The gemological properties which differentiate emeralds from the other beryls are found in the red variety as well as the green. The profuse amount of material enclosed within the standard green emerald produces a mossy appearance of diffused light. This characteristic was dubbed the jardin or garden by French artisans, who designed the Emerald Cut faceting style to act as a picture frame which captures the best presentation of these traits.

The same fields of inclusions admired in the green are also present in the red; one can observe hourglass color zoning, parallel crystal formation, rehealed fractures and comparable growth disturbances in the jardins and crystal structures of both. These natural features are so infrequent they belonged to only a single beryl variety in the past, yet now they are shared by these two together.

The X-Factor is a 1.81 carat Emerald cut stone with a phenomenal jardin.

Gem-quality red beryl does not produce jewels which look like red aquamarine or appear as red heliodor…the expressed essence which distinguishes an emerald from the other beryls (and all other gems) exists in the red as it does in the green. Emeralds contain specific kinds of inclusions that produce a unique look to the gemstone. Whether two-phase inclusions, luminous fiber-optic chatoyant needles or light-bending reflections from interior fissures, all Emeralds contain something breathtaking to witness.

The non-emerald beryls have fewer inclusions which can be burned out by heating to a high temperature for a long period of time, which often improves color, as well. The Emerald form of beryl is impervious to fire; inclusions are not burned out, and color does not improve. The way a natural Emerald comes out of the ground is exactly how it remains in enhanced form. This is again true for only two beryl varieties.

As another difference from the other beryls, enhancements applied to the red are the same as those given to the green. Liquid enhancement flows into any open fissures or fractures present on an Emerald's surface, masking their appearance. Traditional methods used impermanent Cedarwood Oil, but today more enduring solutions exist.

When a jeweler works with these gems, they must be aware they are attempting to set a stone with the gemological characteristics of an Emerald and not the traits of other beryl, such as an Aquamarine.
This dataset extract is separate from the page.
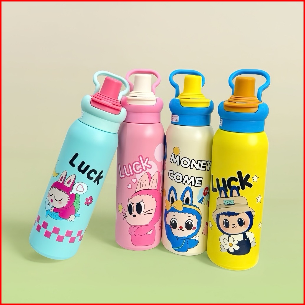 Bb B-306 Tumbler Labubu Stainless Steel Insulated Dengan Handle Dan Sedotan Untuk Minuman Panas Dan Dingin 620ml
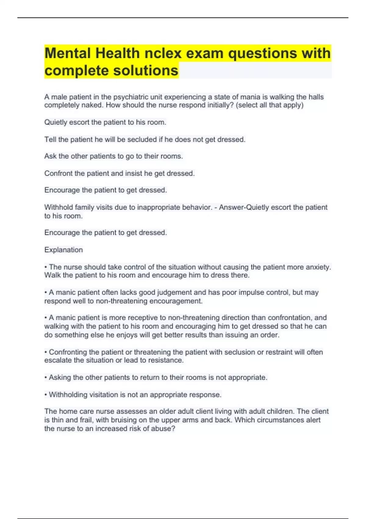 Mental Health nclex exam questions with complete solutions Physical or cognitive impairment making the client dependent on others for activities of daily living. - Financial or physical dependence on others increases the risk of elder abuse, in part because of the strain this dependency puts on the family. The vulnerable older adult may also feel unable to speak out against any mistreatment they receive, beacuase they have nowhere else to go. Explanation Elder neglect and abuse affects an estimated 2-10% of adults, but is known to be under-reported. Nurses are mandated to report known or suspected elder abuse to Adult Protective Services or to law enforcement. Signs of possible neglect or abuse include bruising, bilateral injuries, oversedation, weight loss, poor hygiene, depression, agitation, or withdrawal. Older adult clients are often unable or scared to report abuse. Abusers have various motivations including trying to get their "fair share," having a history of using physical means to solve problems, and other social, biomedical, relationship, and environmental characteristics. Although lack of support system is a risk factor for elder abuse, socioeconomic status alone does not correlate with an increased risk. Frequent ER visits do not increase risk of elder abuse, but could be the outcome of abuse. When providing care for a client who reports to the emergency department immediately after a sexual assault, which nursing actions are appropriate? Select all that apply. Offer a support person or crisis advocate Provide appropriate care for injuries Make the client sign the exam consent form Contact law enforcement Determine whether the sexual activity was consensual - Answer-Offer a support person or crisis advocate Provide appropriate care for injuries Contact law enforcement

Emeralds are brittle, while beryls are measurably less so, which must be considered when setting a gemstone into jewelry. Speaking the name alone establishes how a Red Emerald should be handled, which could potentially prevent damage to one of the rarest jewels on Earth.
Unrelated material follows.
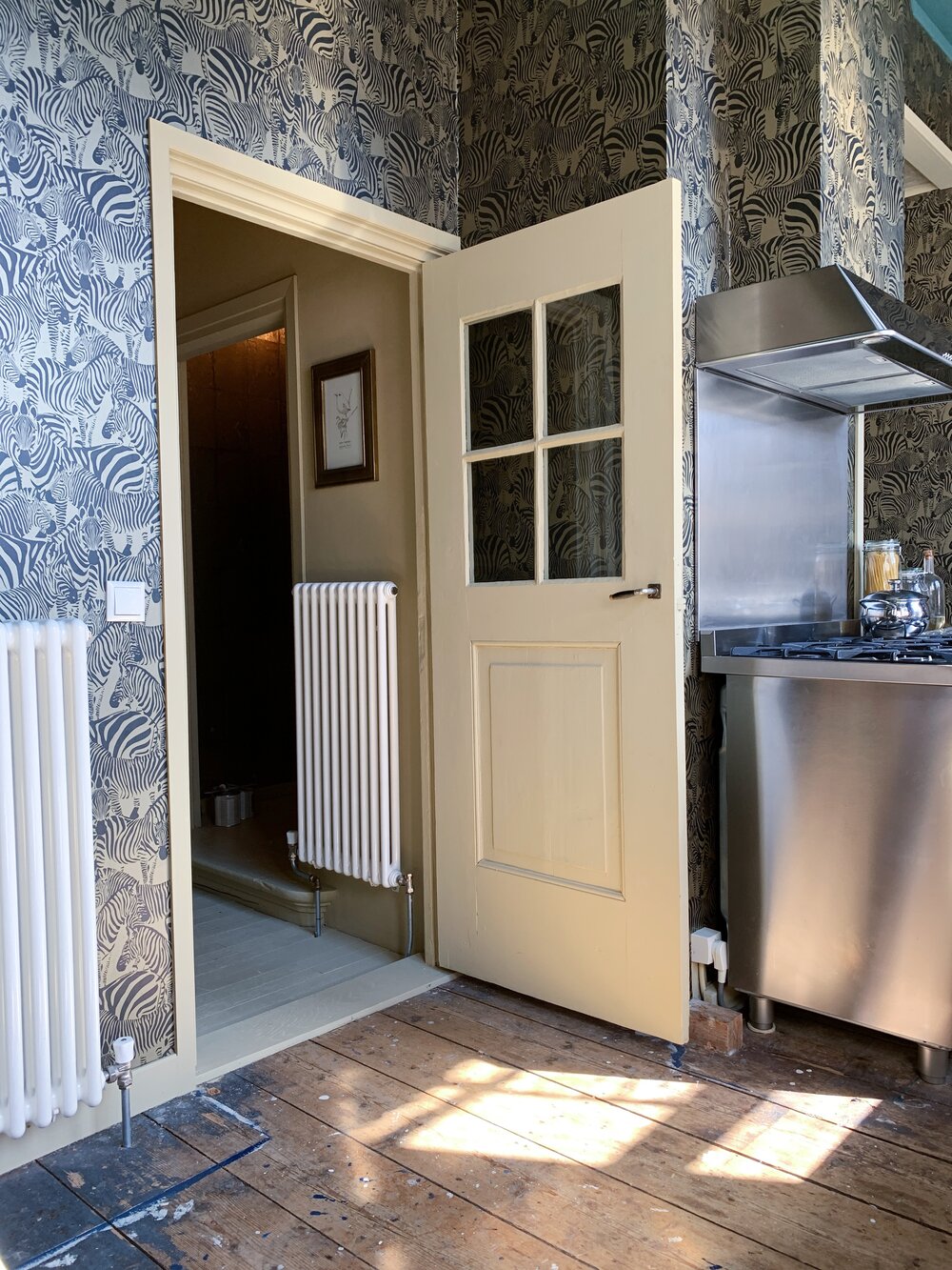 Susanne: “Oh, the zebra wallpaper! The look on folks’s faces after I informed in regards to the plan for our kitchen, particularly after I informed them we have been going to wallpaper all of the partitions of the kitchen, hilarious! To me it’s not daring or daring. I actually needed a brass kitchen however my husband’s dream kitchen has all the time been a stainless-steel industrial kitchen and he’s the chef more often than not so we went for his alternative. I don’t like kitchens that really feel very chilly and medical, I prefer it extra as a room with a kitchen in it.”

The Color-Drop showcases a 5.16 ct gem cab in a necklace with the finest Red Emerald pear pairs which exist, for a total weight over 20 carats.
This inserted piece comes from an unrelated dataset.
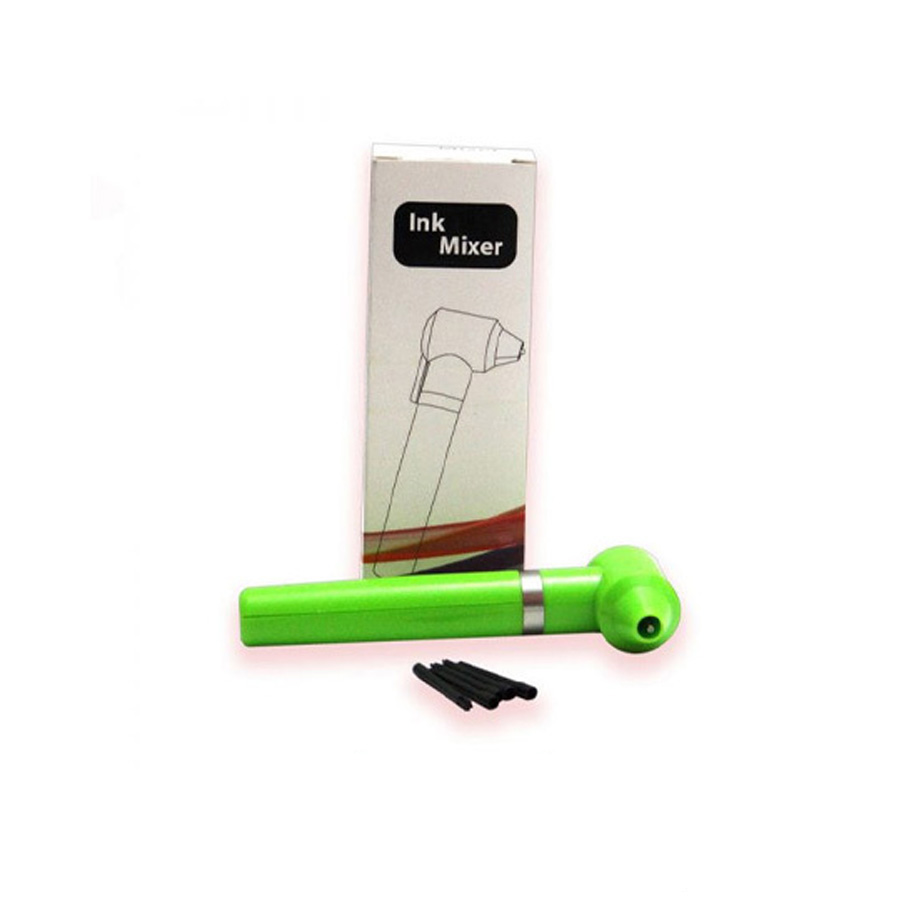میکسر رنگ تاتو (همزن رنگ) از وسیله های بسیار کاربردی است که حجم کمی هم دارد و تنها نیاز به دو باطری قلمی دارد همچنین چند سری دارن که یکبار مصرف نیست و بعد از استفاده میتوان آن سری را شست و دوباره استفاده کرد این سری قابل اتصال به هم هستند که متوان بلند تر شوند. بعضی از تاتو آرتیست ها برای میکس رنگ تاتو از خلال دندان یا میکروبراش ها استفاده کنند که در این صورت نیاز است زمان بیشتری صرف کرد تا از ترکیب رنگ های تاتو مطمئن شد.

The Red Emerald is not only one of our National Treasures, but a jewel cherished by cultures all around the world. As one of the very few gems produced only by America, failure to perceive this stone in the domestic market as foreign countries already do has limited the number of examples retained in the United States. As of 2017, over 80% of all production has been sold in overseas markets.

W. E. Wilson, author for the Mineralogical Record, witnessed red beryl specimens at the 1991 Denver show and claimed “to see these in the bright Colorado sunlight is almost a religious experience.” I have dedicated my professional life to providing that same exhilarating feeling to everyone, by presenting unparalleled Red Emerald jewelry in sizes and of quality never before achieved by the combined mass of humanity who are my contemporaries and predecessors, in an attempt to demonstrate the true glory of this precious gemstone.

I am humbled at the opportunity to create art from this jewel, aware this will be one of humanity's few chances to do so. I am motivated by a duty to honor this irreplaceable material, an undeniable gift from God. This sacred responsibility obligates me to be good and bring citizens across the planet my very best. My sincerest hope is that you appreciate this stone, love it as I do and MARVEL at one of the remarkable modern-day wonders still ready to amaze in our world, ever-changing through discovery.